Larry Itliong Village opens in LA’s Historic
LOS ANGELES—After about nine years of preparation, planning and construction, the Larry Itliong Village finally opened on Friday, Dec.13, in Historic Filipinotown.
The development provides 44 units of affordable housing—22 for families and 22 for homeless individuals, including nine` for Transitional Age Youth.
There are also community spaces, which can be used as venues for recreational activities, as well as social service programs like affordable healthcare access assistance, immigration case management services, employment, job skills workshops and other activities.
Located at 153 Glendale Blvd., Larry Itliong Village is the brainchild of two prominent Asian-American community organizations, the Pilipino Workers’ Center (PWC) and the Little Tokyo Service Center (LTSC) Community Development Corporation.
The LTSC Community Development Corporation serves as the lead developer and managing general partner for the village.
According to LTSC staffer Takao Suzuki, their group has been working with PWC since 2004, in putting the development project together. For the last 30 years, the LTSC has been working to provide affordable housing in Los Angeles, Suzuki said.
Suzuki said that back then, PWC had already identified the site on 153 Glendale Blvd. as a place where the Filipino group can permanently stay to serve the community.
“Our model for affordable housing is that when we develop housing, we want to partner with a group within that respective community,” Suzuki said.
“PWC is an established group here in Filipinotown, so we thought it was a perfect match. With our housing experience, we thought that this would be a good project, not just for PWC, not just for the tenants here, but for the general Historic Filipinotown area,” he added.
Suzuki, however, clarified that as far as onsite physical presence is concerned, the LTSC will only serve as the asset manager for Larry Itliong Village, and that they will supervise the site from their office in Little Tokyo.
“From our office [in Little Tokyo], we’ll make sure that the building is running fine, making sure that it’s in compliance. But really, you won’t see us onsite. It’s mainly going to be PWC. This is their home, so you won’t see LTSC here in terms of our presence,” he added.
The village houses the PWC’s headquarters, community rooms, office spaces and conference halls. Aquilina Versoza, PWC’s executive director, said that the development will serve as a “real base” where the organization can grow and do even more service to the community.
Versoza also indicated that aside from the community rooms, the PWC will also provide other services like weekly food distribution, free tax preparation, labor case assistance, and peer lending circles, among other things.

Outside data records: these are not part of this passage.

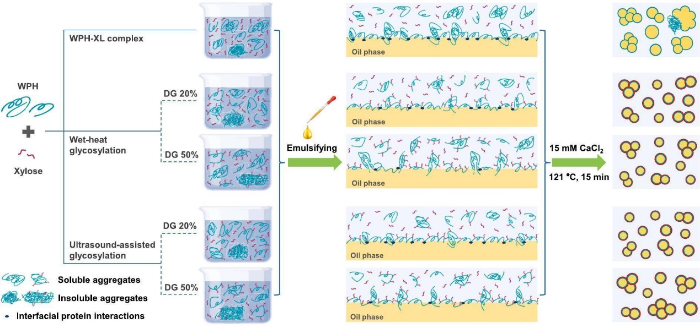 超声辅助糖基化可调控蛋白钙耐受能力和乳液褐变程度。因此,本研究进一步探讨了超声处理对WPH-XL交联物的结构、性质及其O/W乳液稳定性的影响。结果表明,相比于对照组,超声辅助糖基化可显著提高3-5倍反应速率,并抑制AGEs形成,其中,20%糖化度的超声辅助WPH-XL交联物表现出最好的加工性能,可有效抵抗121°C、15 mM Ca2+的热杀菌处理。这种改善作用在于超声辅助糖基化可促使交联物中的大聚集体解离为小聚集体,从而增强其界面吸附能力、界面相互作用和界面强度等特性。本研究从界面行为角度揭示了超声辅助糖基化对WPH营养乳液稳定性的影响机制,为钙热稳定型WPH基料的开发提供了重要的技术指导。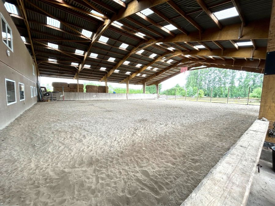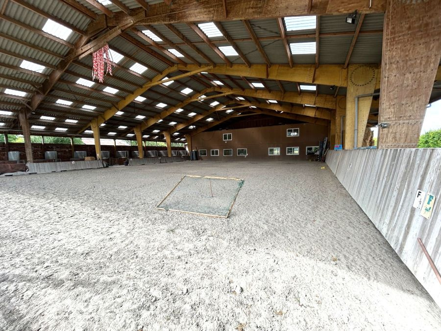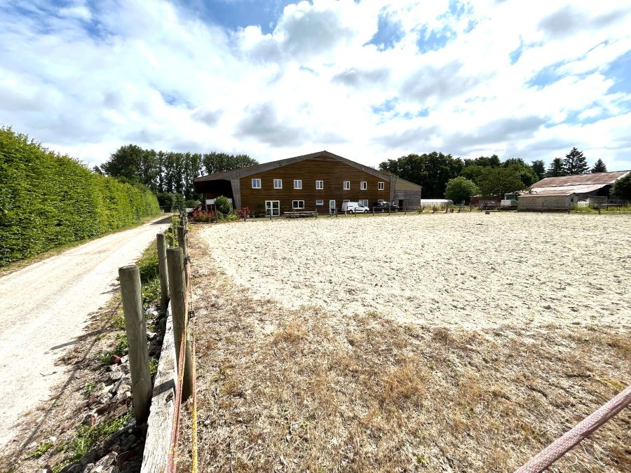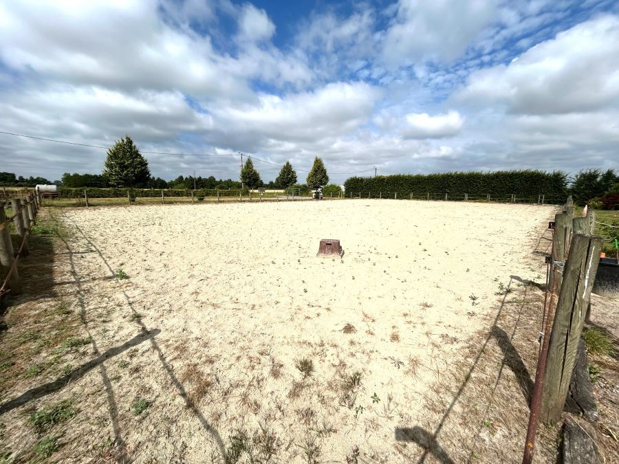 Concernant l'installation équestre : manège couvert semi-ouvert de 24m par 30m, carrière extérieure de 25m par 40m, grand parking, nombreuses prairies, 12 boxes de 3,5m par 3m avec cloisons coulissantes, donnant sur le manège avec abreuvoirs automatiques, espace de stockage couvert semi-ouvert pour le foin et les machines. Forage, fumière, grand parking. A visiter ! Beau potentiel ! Rare sur le secteur !!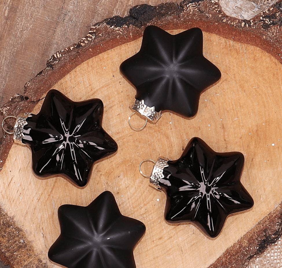 Ten elegancki zestaw składa się z dziewięciu czarnych, szklanych gwiazdek, które doskonale sprawdzą się jako ozdoba na Twoją choinkę lub świąteczny stroik. Starannie wykonane, połyskujące i matowe gwiazdki wprowadzą nowoczesny akcent do każdego wnętrza, a ich głęboka, czarna barwa doda stylu i szyku. Opakowane w eleganckie złote pudełko, które idealnie nadaje się także na prezent, są doskonałym dodatkiem do świątecznej dekoracji. Wysoka jakość wykonania zapewnia trwałość na lata.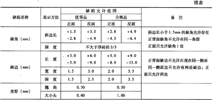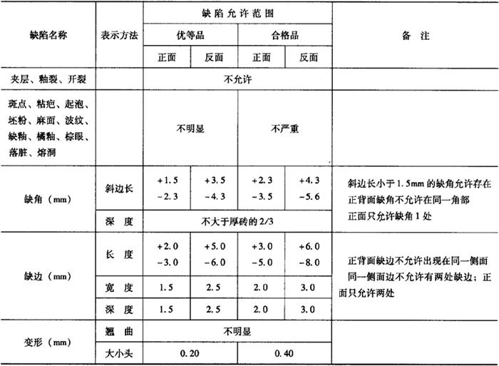 释义 | 陶瓷锦砖的技术质量要求 陶瓷锦砖的技术质量要求,主要包括尺寸允许偏差、外观质量、物理力学性质和整联质量要求等。 (一)尺寸允许偏差 单块砖的尺寸和每联锦砖线路、联长的尺寸及其允许偏差应符合表16-20中的规定。 表16-20 单块砖的尺寸和每联锦砖线路、联长的尺寸及其允许偏差 (二)外观质量 陶瓷锦砖边长≤25mm的外观质量缺陷允许范围应符合表16-21中的规定,陶瓷锦砖边长>25mm的外观质量缺陷允许范围应符合表16-22中的规定。 表16-21 陶瓷锦砖的外观质量缺陷允许范围(边长≤25mm) 注:在缺陷允许范围内,优等品正背两面各限两种缺陷,合格品正背面各限4种缺陷。 表16-22 陶瓷锦砖的外观质量缺陷允许范围(边长>25mm) 注:在缺陷允许范围内,优等品正背两面各限两种缺陷,合格品正背面各限4种缺陷。 (三)物理力学性质 根据标准《陶瓷锦砖的质量标准》(JC456-92)中对陶瓷锦砖的技术性能的具体要求,应符合表16-23中的规定。 表16-23 陶瓷锦砖的技术性能 (四)成联质量要求 锦砖与铺贴材料的粘结,不允许有脱落,正面贴纸陶瓷锦砖的脱纸时间不大于40min,锦砖铺贴成联后不允许铺贴纸露出。联内、联间锦砖的色差,优等品目测基本一致,合格品目测稍存在一定色差。 |
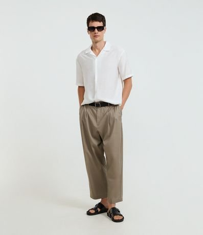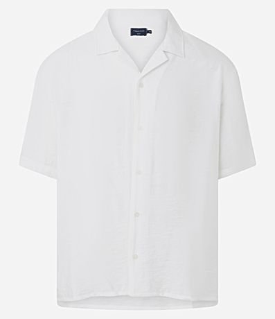 Camisa masculina boxy com manga curta e abotoamento frontal, confeccionado em viscose texturizada, com gola bowling. leve e perfeita para compor looks modernos, urbanos e cheios de personalidade.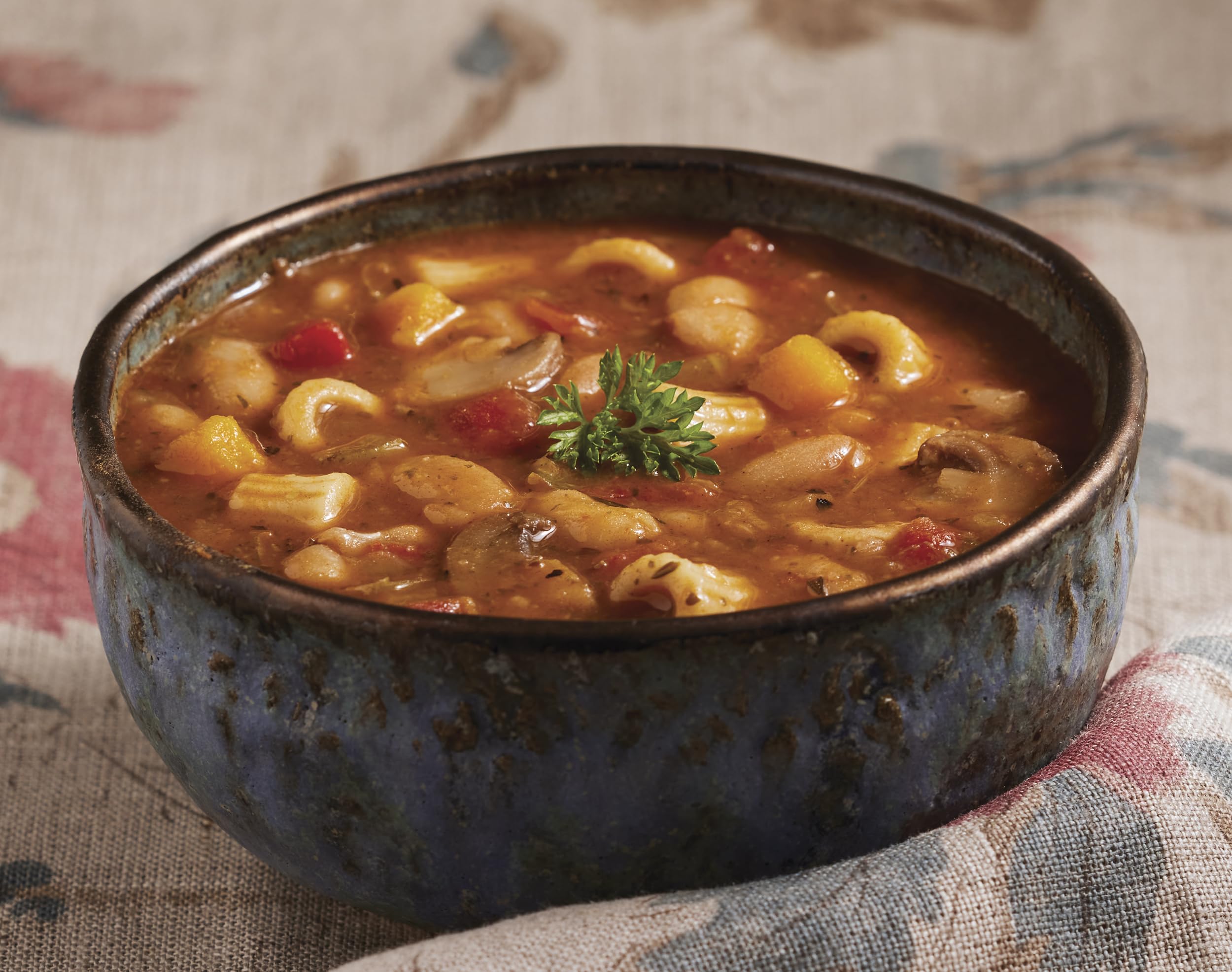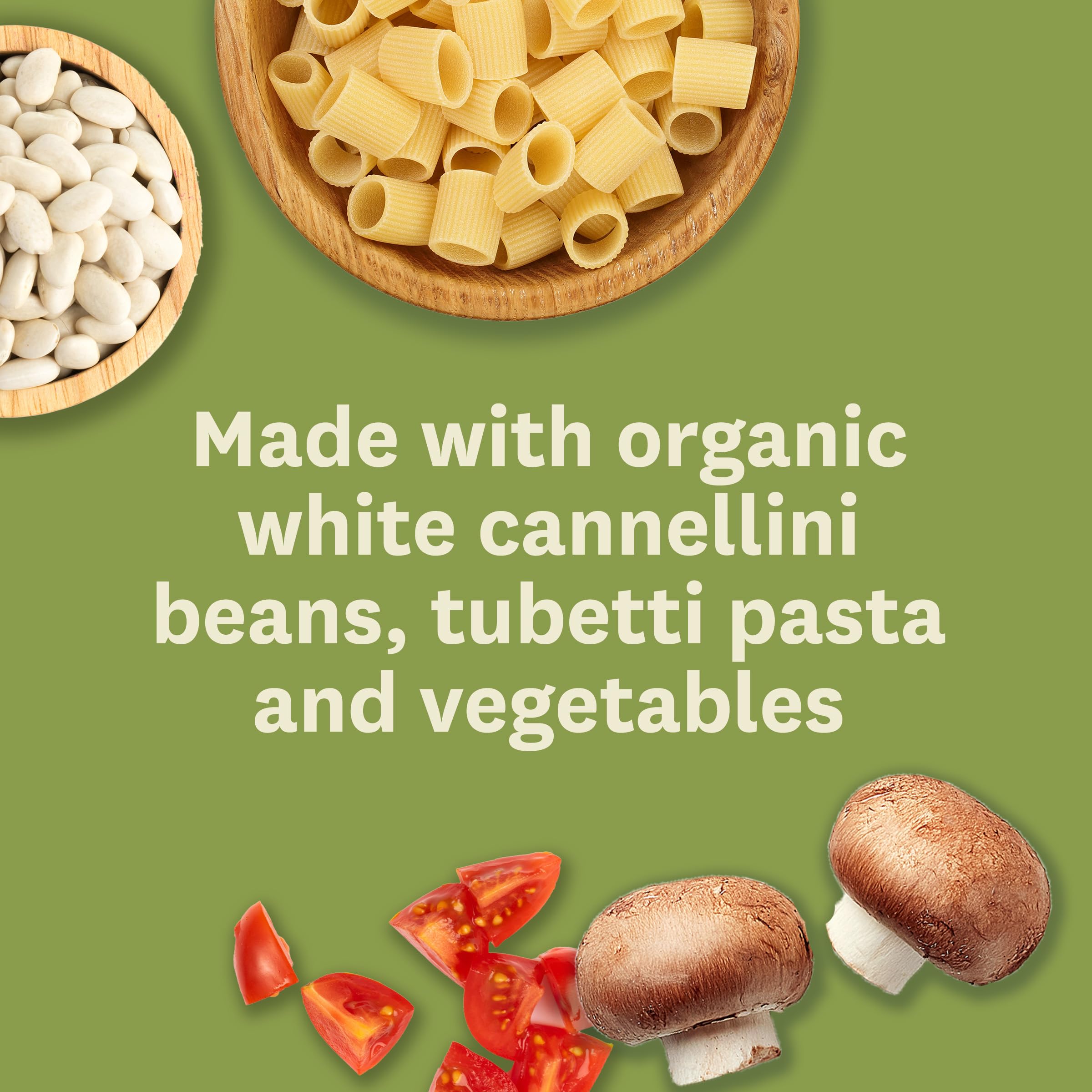 Chef Steve created this organic and hearty Italian-inspired soup. Perfectly cooked tubetti pasta and creamy cannellini beans are added to an herbaceous tomato broth. We combine this with lots of organic vegetables and mushrooms to enjoy with every spoonful.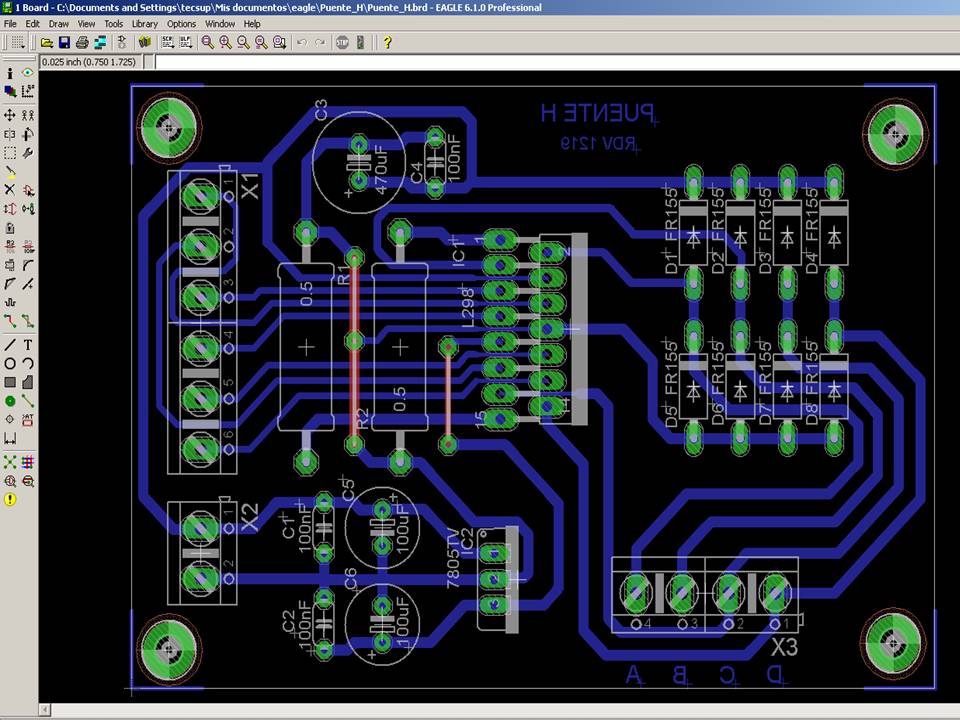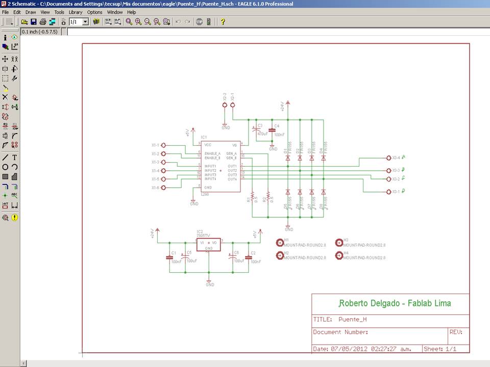 The assignmente for this week is to automate the machine assembled two weeks ago. For this Roxanna milled the Arduino's shield for controlling the steppers, but Alejandro found that we haven't all the components for stuffing, specially the A3982 - stepper motor driver, so as was impossible to get it locally, I decided to design a new one using the L298 (Dual full bridge drive) because it has also the possibility to work with the Arduino Uno at the Fablab.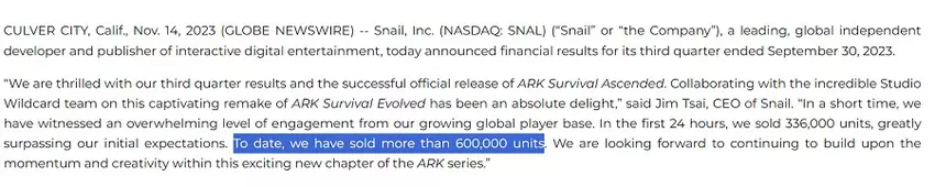 Z raportu finansowego wydawcy Snail dowiedzieliśmy się, że na dzień 14 listopada sprzedano ponad 600 tysięcy kopii ARK: Survival Ascended.

“This is one of the few affordable housing projects that’s been able to be built in many years. And it’s really needed,” Versoza pointed.
She claimed that before Larry Itliong Village came along, it had been at least a decade or so since the last affordable housing project was built in Historic Filipinotown.
Consul General Hellen Barber-De la Vega, who was also in attendance, said that the opening of the housing project is a milestone because two communities came together to address a sensitive issue among all Asian American communities: affordable housing.
“With this kind of partnership, we demonstrate that we do care for the other communities,” De la Vega pointed out.
The Consul General also said that the facility raises awareness among other communities on what Larry Itliong (the Filipino Farm Workers Movement leader) really stands for, which is bringing dignity to the worker.
She said that the legacy of Itliong is also about promoting proper housing and shelter, health, and education—issues that were relevant not only 40 years ago, but even today.
With Filipinos being the largest Asian-American group in California, De la Vega said that this could be seen as a first step toward Filipinos becoming a catalyst for Asian-American interests.
De La Vega said that there should be a sense of responsibility on the part of Filipinos in “shepherding” the interests and concerns of the community.
“When I say community, I’m not just talking about the Filipino-American community, but the Asian-American community as well. This is [only] the beginning,” De la Vega said.